- PROBLEM STATEMENT
Look below for the line with "Suspension tubulaire étroite". Retype it and every line after it to the end, exactly, but leave out the pictures.

- Data extracted from a collection
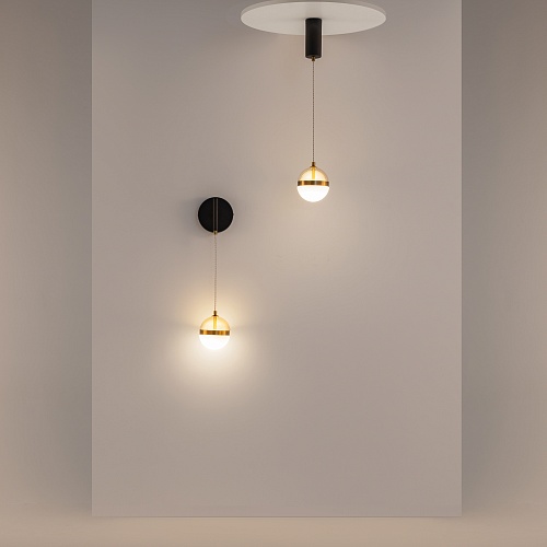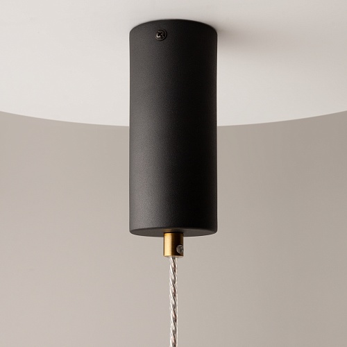 Черная потолочная чаша дополнена финишным антибликовым покрытием sandy, декоративный элемент плафона выполнен из металла цвета сатинированной латуни. Сочетание двух фактурных стекол в плафоне: нижняя полусфера из матового белого стекла для создания мягкого рассеянного света, верхняя часть плафона - из тонированного янтарного стекла. Внутри установлен LED-модуль, создающий равномерное освещение, направленное вверх и вниз. Цветовая температура – 3000К, угол рассеивания — 120°.
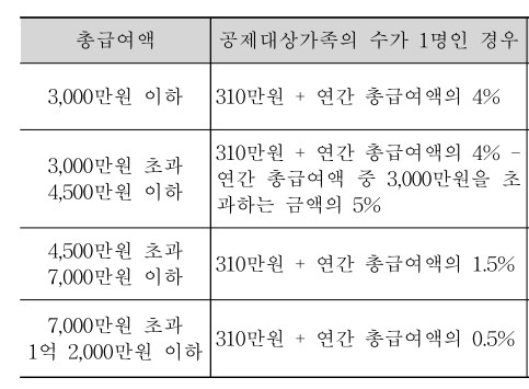(공제대상가족수 : 1명 기준)
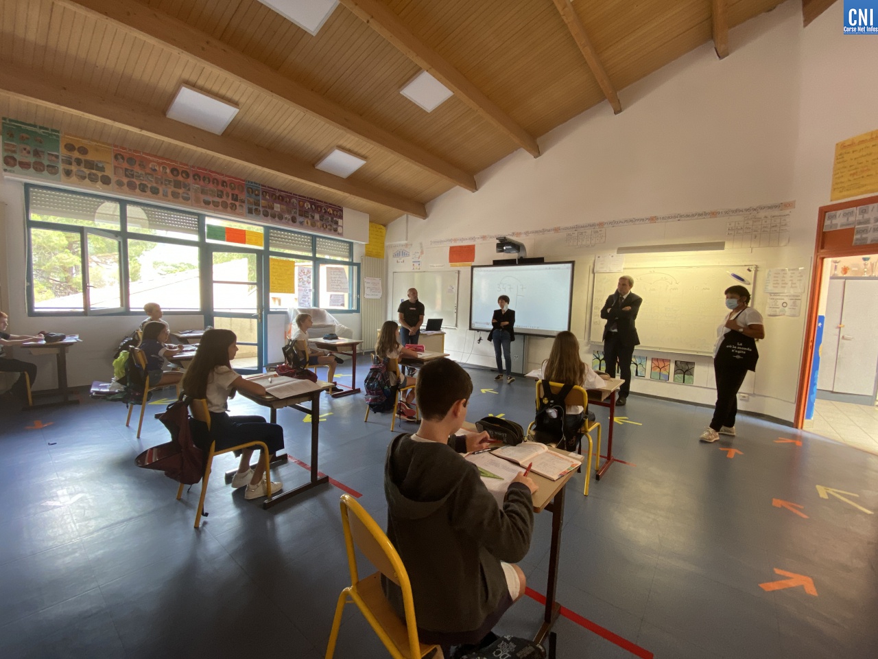 Ce lundi 8 juin, la cloche a, enfin, sonné et les enfants de Furiani ont pu rentrer en classe à l'école U Rustincu à Furiani. A leur arrivée, le rituel est bien cadré : lavage de main au gel hydro-alcoolique, distance d'un mètre entre chacun et parcours fléché jusqu'à leur place attitrée. Toute cette petite cérémonie bien orchestrée s'est déroulée en présence de Christian Mendivé, directeur académique des services de l'Education Nationale de Haute-Corse, sous l'œil bienveillant de Marie-Josée Massei, la directrice de l'école qui connait chaque enfant présent en ce jour. Il faut dire que depuis la réouverture de l'école le 2 juin, seuls 21 d'entre eux ont rejoint les bancs de l'établissement sur les 314 enfants habituellement scolarisés.
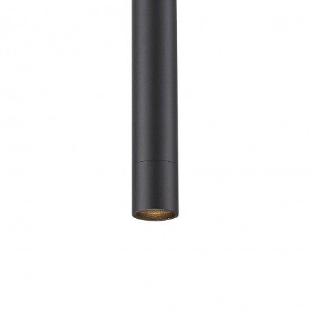 Suspension tubulaire étroite de couleur noire. Lampe de plafond avec un point lumineux focalisé, idéale pour éclairer les plans de travail de la cuisine, les comptoirs de bar ou les tables de salle à manger. Fabriquée en aluminium avec finition noire. Câble textile noir.
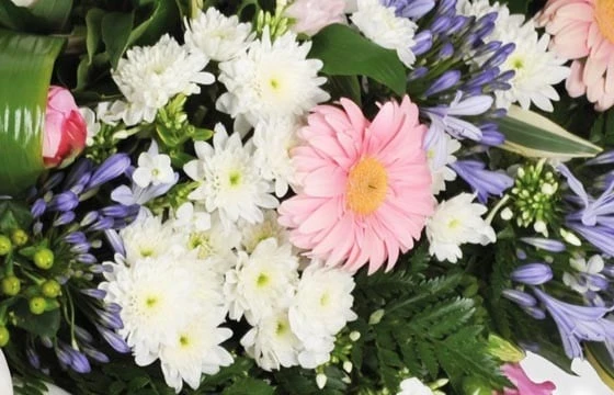 Détail des fleurs : pivoines rose (ou roses ou tête d’hortensia rose), gerberas rose, agapanthes bleues, refours blancs, lierre, cordylines, fougères et salal. (Fleurs variables selon les saisons et la disponibilité en magasin tout en gardant l’esprit la forme et les couleurs.) (Réf. florale 9236, L’Aurore.) – Visuel non contractuel – Visuel correspondant à la formule Meilleur Compromis.
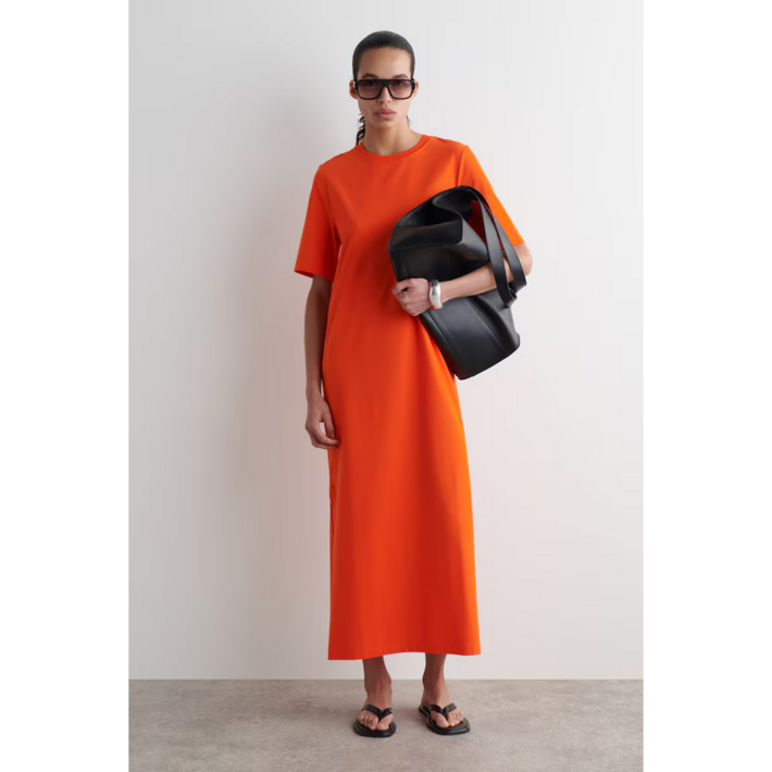 어반룩북 하객룩 브이넥 스트링 미디 반팔 원피스

- FINISHED TASK
 Suspension tubulaire étroite de couleur noire. Lampe de plafond avec un point lumineux focalisé, idéale pour éclairer les plans de travail de la cuisine, les comptoirs de bar ou les tables de salle à manger. Fabriquée en aluminium avec finition noire. Câble textile noir.
 Détail des fleurs : pivoines rose (ou roses ou tête d’hortensia rose), gerberas rose, agapanthes bleues, refours blancs, lierre, cordylines, fougères et salal. (Fleurs variables selon les saisons et la disponibilité en magasin tout en gardant l’esprit la forme et les couleurs.) (Réf. florale 9236, L’Aurore.) – Visuel non contractuel – Visuel correspondant à la formule Meilleur Compromis.
 어반룩북 하객룩 브이넥 스트링 미디 반팔 원피스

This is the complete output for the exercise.